In the coming decades, the perception of the banjo as an exclusively white instrument would be perpetuated in films and television shows like “The Beverly Hillbillies,” “Hee Haw,” and “O Brother, Where Art Thou?” The 1972 thriller “Deliverance” would also push the stereotype, depicting banjo players as backwoods whites with a needless thirst for violence. 

But reality tells a different story—one in which Black banjoists like Dink Roberts, Rufus Kasey, Elizabeth Cotten, and Lewis Hairston were all making influential music with the instrument throughout the 20th century. These musicians were simply “less visible” than their white counterparts, says Krakauer. “But there have always been Black banjo players,” he confirms.
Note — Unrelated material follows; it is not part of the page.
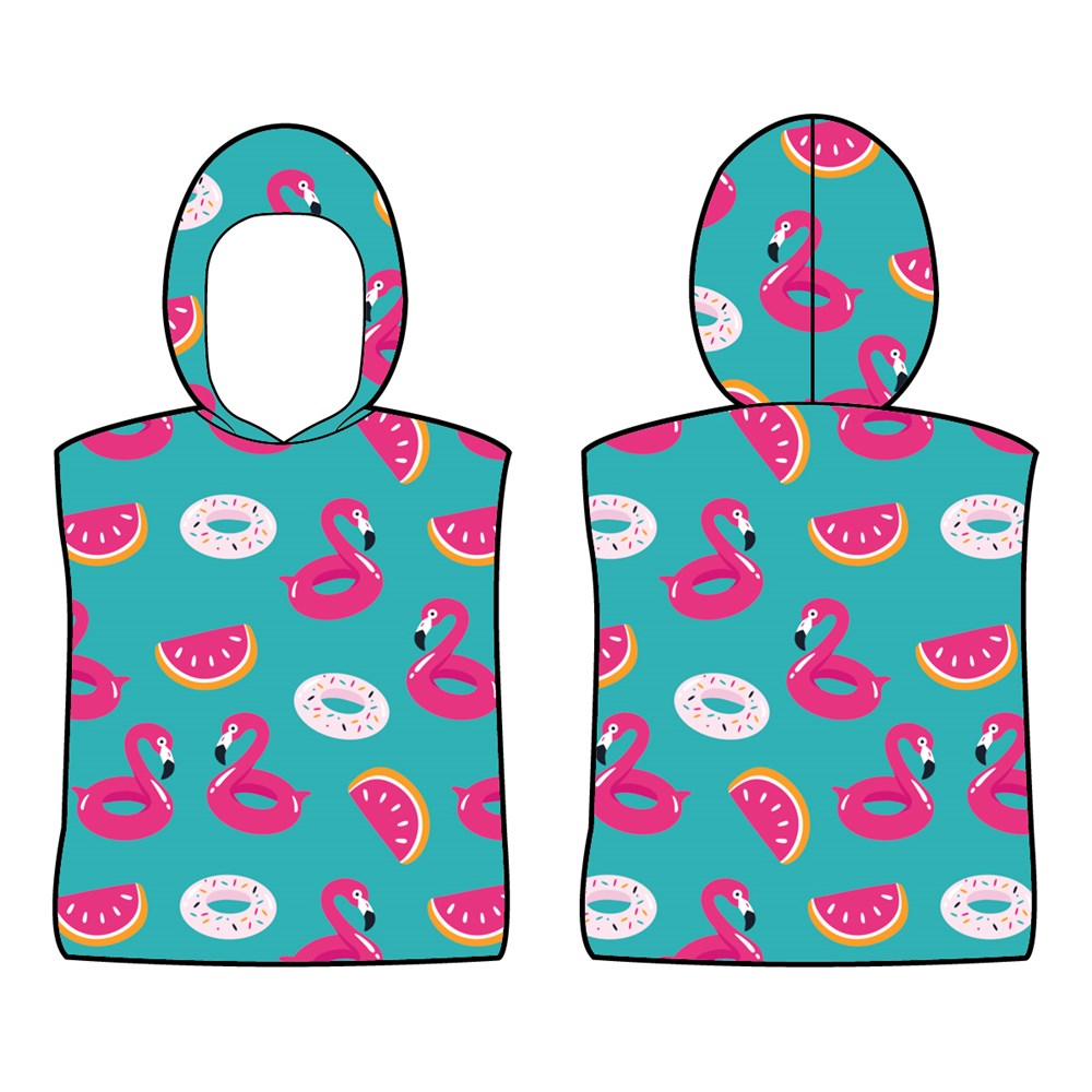 Microfibre Printed Kids Afterswim Hoodie - Flamingoes & Donuts
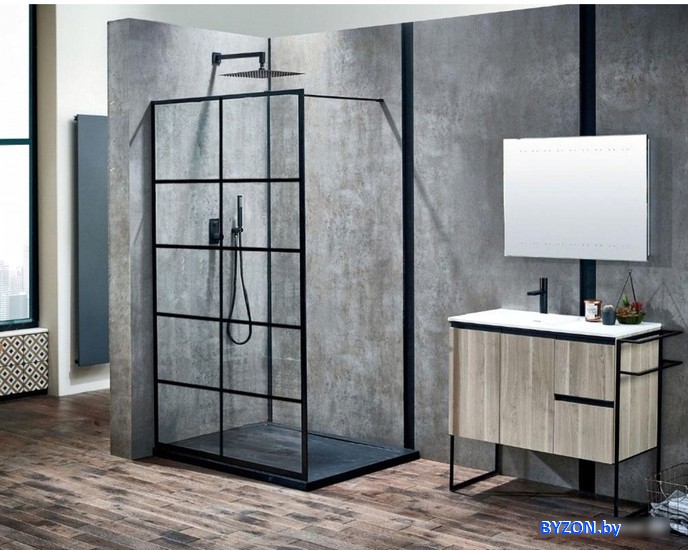 Душевая стенка Calani Soleo Walk In 90x195 CAL-K6010 (черный/прозрачное стекло) - купить в Минске

 And there always will be, says Ellis. As he points out, Black banjoists like Dom Flemons, previously of the Durham-based string band Carolina Chocolate Drops, are making a lasting impression. “Young, Black musicians are picking up and mastering the instrument and bringing it full circle back into African-American culture,” says Ellis. “For me, that’s the most exciting development of the 21st century.”

A New, Old Sound 

If you think you don’t like the snappy twang of the banjo, give these three contemporary pickers a listen. 

North Carolina banjoist Tray Wellington. His album “Black Banjo” defies genres by melding jazz, blues, and contemporary hip-hop. Photo by Rob Laughter

Tray Wellington

North Carolina native Tray Wellington didn’t wait long to burst onto the music scene. By the time he finished high school, Wellington was touring with the Watauga County bluegrass group Cane Mill Road. Since then, he has earned himself an International Bluegrass Music Association Momentum Instrumentalist of the Year award and produced a full-length album. Released last year, “Black Banjo” defies genres by taking inspiration from jazz musicians like John Coltrane, blues icons like Muddy Waters, and modern hip-hop artists like Childish Gambino. traywellington.com. 

Asheville singer, songwriter, and banjoist Kathryn O’Shea. Photo courtesy of the artist

Kathryn O’Shea 

In 2018, singer-songwriter Kathryn O’Shea moved from Atlanta to her native Asheville with hopes of “tending her roots.” Since then, she’s been laying down cathartic tracks featuring her otherworldly voice and the electric banjo. The resulting sound is something of a country-fried Florence Welch. You can’t help but be transported to a snowy mountain road, a freshly-cut lawn, or wherever else O’Shea chooses to wander. kathrynoshea.com.   

Amythyst Kiah

Hailing from eastern Tennessee, singer-songwriter, guitarist, and banjoist Amythyst Kiah offers a gritty, indie folk-infused style she describes as “Southern Gothic.” Fittingly, songs released on her 2022 EP “Pensive Pop” and her 2021 album “Wary + Strange” explore melancholic topics like suicide, racism, and alcohol abuse. Listening is a weighty experience, sure. But Kiah is sure to lighten the mood with velvety smooth vocals, twangy riffs, and toe-tapping beats. amythystkiah.com.